▸ **What the exercise asks**
Would you print the whole listing again, exactly?

▸ **Data**
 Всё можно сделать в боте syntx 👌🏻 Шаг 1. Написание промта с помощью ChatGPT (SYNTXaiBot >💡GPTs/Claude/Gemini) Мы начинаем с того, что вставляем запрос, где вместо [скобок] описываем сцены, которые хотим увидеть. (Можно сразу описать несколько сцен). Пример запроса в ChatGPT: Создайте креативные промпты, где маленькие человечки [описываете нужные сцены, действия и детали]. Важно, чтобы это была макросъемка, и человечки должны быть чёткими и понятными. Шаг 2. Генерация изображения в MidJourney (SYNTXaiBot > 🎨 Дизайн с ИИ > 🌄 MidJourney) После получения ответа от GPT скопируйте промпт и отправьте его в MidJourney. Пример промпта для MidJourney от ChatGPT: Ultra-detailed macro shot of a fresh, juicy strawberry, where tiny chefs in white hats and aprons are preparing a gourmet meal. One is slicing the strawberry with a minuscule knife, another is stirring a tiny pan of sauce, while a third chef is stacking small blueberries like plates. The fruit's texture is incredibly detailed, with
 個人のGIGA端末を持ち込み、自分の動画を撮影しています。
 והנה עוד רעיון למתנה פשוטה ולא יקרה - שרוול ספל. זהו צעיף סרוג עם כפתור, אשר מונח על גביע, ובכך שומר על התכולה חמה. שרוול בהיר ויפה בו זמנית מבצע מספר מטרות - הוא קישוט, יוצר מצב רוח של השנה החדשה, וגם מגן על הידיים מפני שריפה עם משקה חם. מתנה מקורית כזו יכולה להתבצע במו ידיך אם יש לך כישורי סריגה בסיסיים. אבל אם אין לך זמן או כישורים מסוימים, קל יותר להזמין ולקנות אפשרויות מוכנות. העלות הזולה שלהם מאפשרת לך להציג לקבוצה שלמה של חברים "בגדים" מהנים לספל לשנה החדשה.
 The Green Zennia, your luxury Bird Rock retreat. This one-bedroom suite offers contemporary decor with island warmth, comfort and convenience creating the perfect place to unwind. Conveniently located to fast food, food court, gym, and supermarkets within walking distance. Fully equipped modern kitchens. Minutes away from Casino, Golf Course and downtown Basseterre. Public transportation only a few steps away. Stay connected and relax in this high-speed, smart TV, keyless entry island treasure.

▸ **Exercise result**
 Всё можно сделать в боте syntx 👌🏻 Шаг 1. Написание промта с помощью ChatGPT (SYNTXaiBot >💡GPTs/Claude/Gemini) Мы начинаем с того, что вставляем запрос, где вместо [скобок] описываем сцены, которые хотим увидеть. (Можно сразу описать несколько сцен). Пример запроса в ChatGPT: Создайте креативные промпты, где маленькие человечки [описываете нужные сцены, действия и детали]. Важно, чтобы это была макросъемка, и человечки должны быть чёткими и понятными. Шаг 2. Генерация изображения в MidJourney (SYNTXaiBot > 🎨 Дизайн с ИИ > 🌄 MidJourney) После получения ответа от GPT скопируйте промпт и отправьте его в MidJourney. Пример промпта для MidJourney от ChatGPT: Ultra-detailed macro shot of a fresh, juicy strawberry, where tiny chefs in white hats and aprons are preparing a gourmet meal. One is slicing the strawberry with a minuscule knife, another is stirring a tiny pan of sauce, while a third chef is stacking small blueberries like plates. The fruit's texture is incredibly detailed, with
 個人のGIGA端末を持ち込み、自分の動画を撮影しています。
 והנה עוד רעיון למתנה פשוטה ולא יקרה - שרוול ספל. זהו צעיף סרוג עם כפתור, אשר מונח על גביע, ובכך שומר על התכולה חמה. שרוול בהיר ויפה בו זמנית מבצע מספר מטרות - הוא קישוט, יוצר מצב רוח של השנה החדשה, וגם מגן על הידיים מפני שריפה עם משקה חם. מתנה מקורית כזו יכולה להתבצע במו ידיך אם יש לך כישורי סריגה בסיסיים. אבל אם אין לך זמן או כישורים מסוימים, קל יותר להזמין ולקנות אפשרויות מוכנות. העלות הזולה שלהם מאפשרת לך להציג לקבוצה שלמה של חברים "בגדים" מהנים לספל לשנה החדשה.
 The Green Zennia, your luxury Bird Rock retreat. This one-bedroom suite offers contemporary decor with island warmth, comfort and convenience creating the perfect place to unwind. Conveniently located to fast food, food court, gym, and supermarkets within walking distance. Fully equipped modern kitchens. Minutes away from Casino, Golf Course and downtown Basseterre. Public transportation only a few steps away. Stay connected and relax in this high-speed, smart TV, keyless entry island treasure.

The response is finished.